The most important physiological responses of altitude acclimatization are in the cardiorespiratory and the hematology system (Muza et al. 2010; West 2004, 2017; Martin et al. 2014; Peacock and Jones 1997). SpO2 reflects the most straightforward physiological changes. Physiological changes of the hemoglobin concentration in the blood are well known (West et al. 2012; Lundby et al. 2004; Peng et al. 2013; Brierley et al. 2012). Besides the aforementioned phenotypes, we also measured several blood biochemical phenotypes of both kidney and liver function (Table 1) which were important but rarely studied (Wang et al. 2018). We found the significant increase of AST during the altitude acclimatization, indicating potential liver injury (Feng et al. 2011). Moreover, the increase of BUN and CREA reflected the progressive fall in glomerular filtration rate, which suggested the damage of kidney (Ozturk et al. 2007).

Since individual single traits do not effectively reflect the complex mechanism of high-altitude acclimatization (West et al. 2012; West 2004; Peng et al. 2013), the analysis of composite phenotypes could be considered as a promising alternative (Inglese et al. 2017; Ried et al. 2016; Holmes et al. 2008). Among several methods, PLS-based composite phenotypes have relatively interpretable biological meanings (Peng et al. 2013). In particular, PLSPM can be applied to analyze the multiple relationships among the blocks of variables (Sanchez 2013).

Generally, there are two ways to define composite phenotypes in PLSPM framework (Peng et al. 2013; Esposito Vinzi et al. 2010), and one is using the prior specific domain knowledge, while the other is using some data-driven methods such as clustering. Clustering is the task of grouping a set of objects in such a way that objects in the same group are more similar to each other than to those in other groups. In our study, the generalized standard spectral clustering (Hastie et al. 2009; Luxburg 2007) was employed to detect the composite phenotype structure (Fig. 2) for high-altitude acclimatization.
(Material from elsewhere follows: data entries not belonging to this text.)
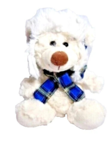 Winter Polar Bear Plush Blue Plaid Scarf Fluffy Winter Hat Soft Cream 8-In Gift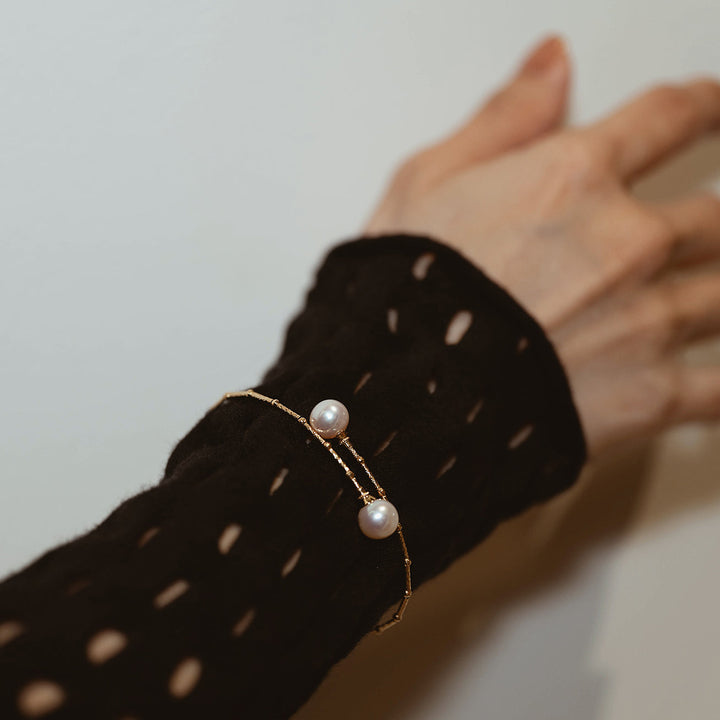 18K Solid Gold Freshwater Pearl Bracelet KB00002 - PEARLY LUSTRE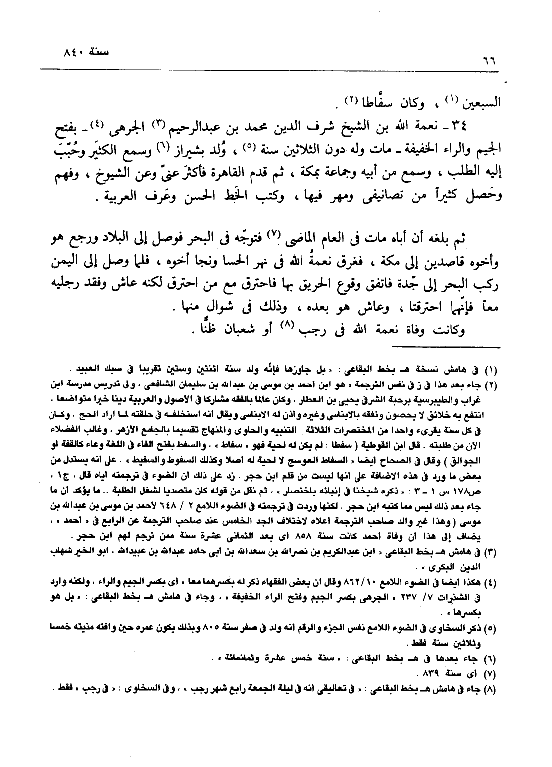 نعمة الله بن الشيخ شرف الدين محمد بن عبد الرحيم، الجرهي - بفتح الجيم والراء الخفيفة، مات وله دون الثلاثين سنة، ولد بشيراز وسمع الكثير وحبب إليه الطلب وسمع من أبيه وجماعة بمكة، ثم قدم القاهرة فأكثر عني وعن الشيوخ وفهم وحصل كثيراً من تصانيفي ومهر فيها، وكتب الخط الحسن وعرف العربية، ثم بلغه أن أباه مات في العام الماضي فتوجه في البحر فوصل إلى البلاد ورجع هو وأخوه قاصدين إلى مكة فغرق نعمة الله في نهر الحسا ونجا أخوه، فلما وصل إلى اليمن ركب البحر إلى جدة، فاتفق وقوع الحريق بها فاحترق مع من احترق لكنه عاش وفقد رجليه معاً فإنهما احترقا، وعاش هو لعمره وذلك في شوال منها، وكانت وفاة نعمة الله في رجب أو شعبان ظناً.

To assess the physiological heterogeneity in high-altitude acclimatization, we applied the k-means clustering algorithm on individuals by using the 14 composite phenotypes. However, k-means clustering may be affected by multicollinearity, and when multiple correlations between variables were above 0.5, the clustering results would be misleading (Sambandam 2003). Whereas, most correlations (Pearson’s r) of the 14 composite phenotypes were < 0.2 (Supplementary Fig. 6). Thus, the characterization of population physiological heterogeneity was not markedly affected. We observed physiological heterogeneity in high-altitude acclimatization of the sampled individuals, especially in the phenotypes related to oxygen-carrying capacity including hemoglobin concentration, number of red cells and platelet (West et al. 2012; Calbet et al. 2002; Vij 2009).
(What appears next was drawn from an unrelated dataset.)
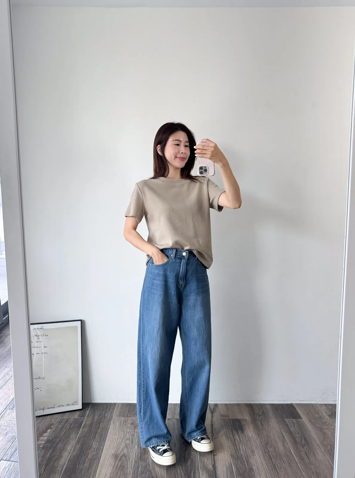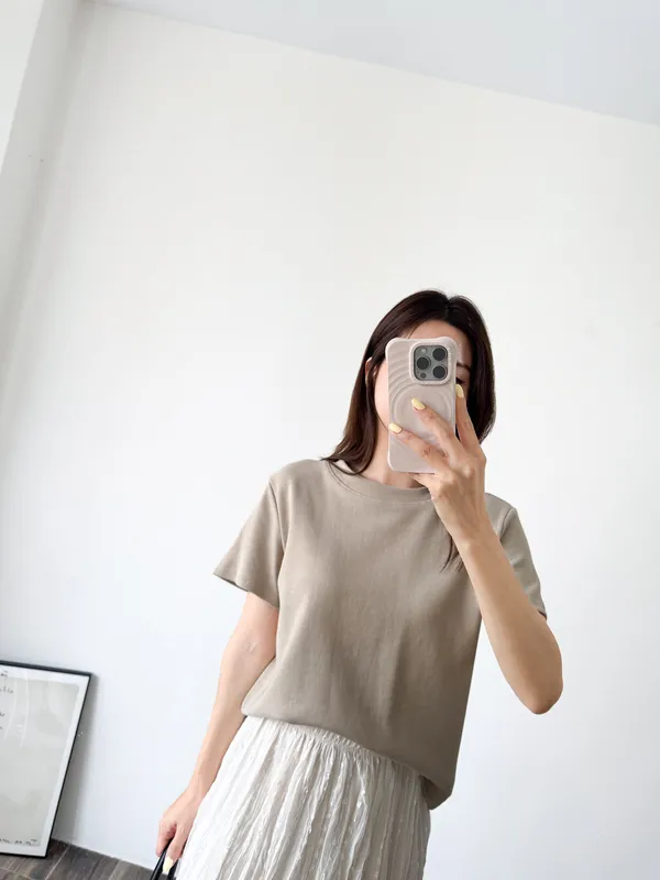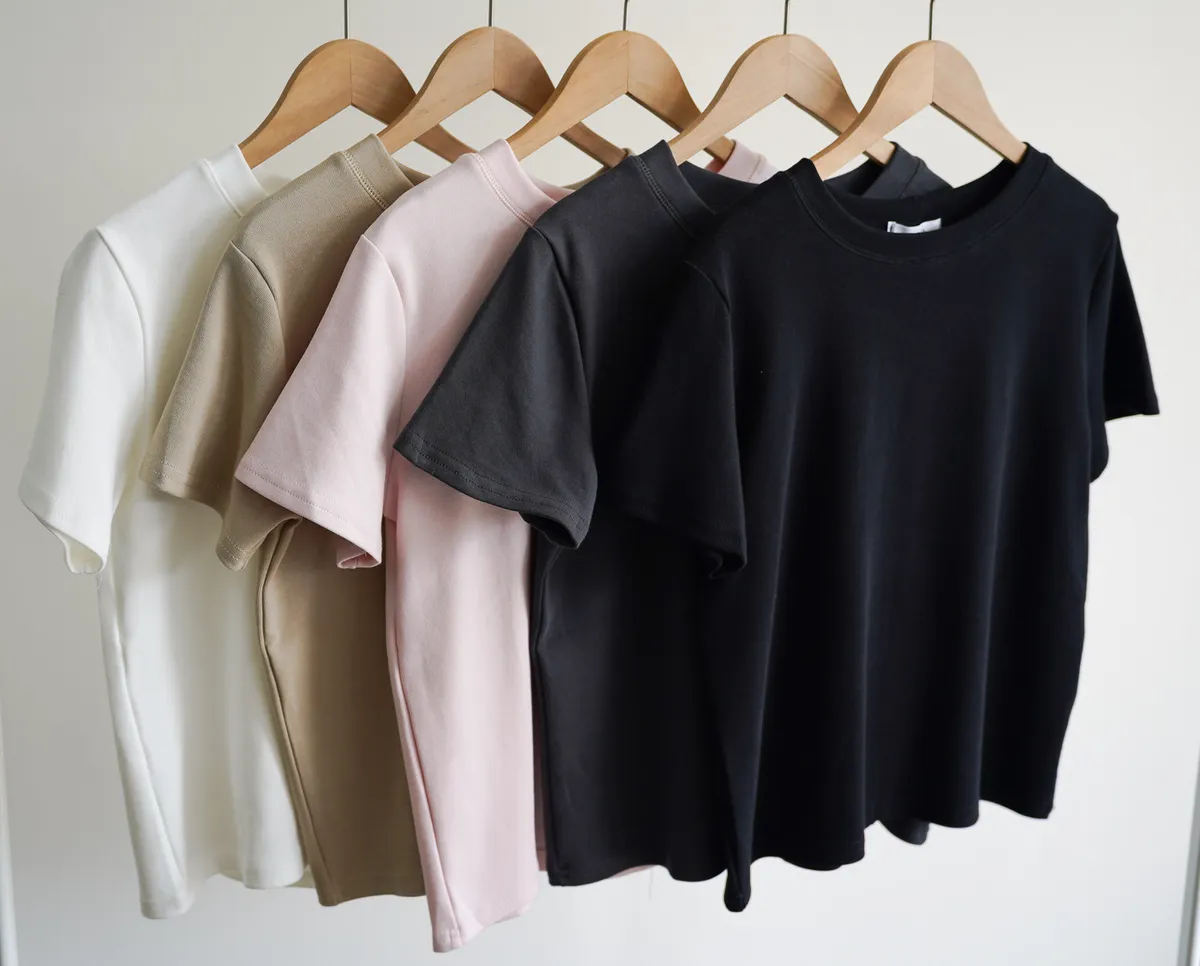 棉質 / 有彈性大推這款~~版型微鬆不貼肉 衣長完美適中不紮也好看 布料本身有一點點厚度穿起來很挺、有精神! 材質不必擔心一定是舒服才推薦 非常實穿的版型很可以直接閉眼包色!! 背面還有做一條立體中線穿起來後背面弧度也很漂亮~ *made in china Model 158/48 (腰25吋 臀35.5吋) detail//

Furthermore, SpO2 has been well studied as the predictors/indicators of AMS or LLS (West et al. 2012; Muza et al. 2010; West 2004; Brierley et al. 2012; Burtscher et al. 2008; Karinen et al. 2010; Koehle et al. 2010), and while the studies exploring the relationship between LLS and SpO2 in chronic hypoxia are limited. In our study, the oxygen saturation variations were modeled in altitude acclimatization using composite phenotypes, and revealed the association (Table 3 and Supplementary Table 5) with LLS (LV12) and SpO2 from the baseline to chronic phase at 4300-m highland. These findings provide the insights into physiological mechanism of chronic hypoxia (Corno et al. 2002).
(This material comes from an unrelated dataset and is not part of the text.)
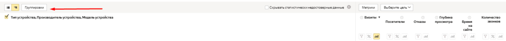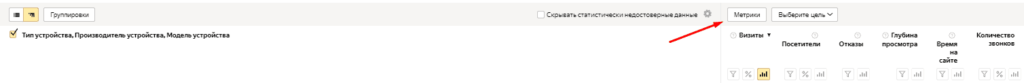 метки со звонками, кликнув на «Метрики».

28 physiological phenotypes were studied on our work covering the respiratory function, cardiac function, oxygen delivery function, hematology, oxygen saturation, kidney function, liver function and LLS. However, there are still phenotypes not involved in this study such as muscle metabolism, oxygen consumption, electrocardiogram, electroencephalogram, and organism metabolism. The data of this study were collected at two time points of high-altitude acclimatization, which may be incomplete. Besides, the subjects in this study were all young males, and the physiological responses of females may vary. More importantly, other factors such as the genetic variations should be further studied to understand the potential physiological mechanism of high-altitude acclimatization (West 2004, 2017).

In summary, we have developed a strategy constituting both spectral clustering and PLSPM to define the composite phenotypes. In addition, we effectively used this strategy to capture 14 composite phenotypes from 28 physiological phenotypes of high-altitude acclimatization. The 14 composite phenotypes have clear meaning in physiology and explain most of the observed variance in statistics. Based on these composite phenotypes, we first observed physiological heterogeneity among individuals in high-altitude acclimatization. In addition, we compared the performance of composite phenotypes and regular phenotypes in predicting the changes of SpO2. Both analyses showed that the composite phenotypes is better performed in capturing the variation of high-altitude acclimation. This new strategy of defining and applying composite phenotypes may be potentially employed as a general strategy for studying the complex traits (Wei et al. 2014), particularly in the analysis of phenomics (Houle et al. 2010; Zbuk and Eng 2007).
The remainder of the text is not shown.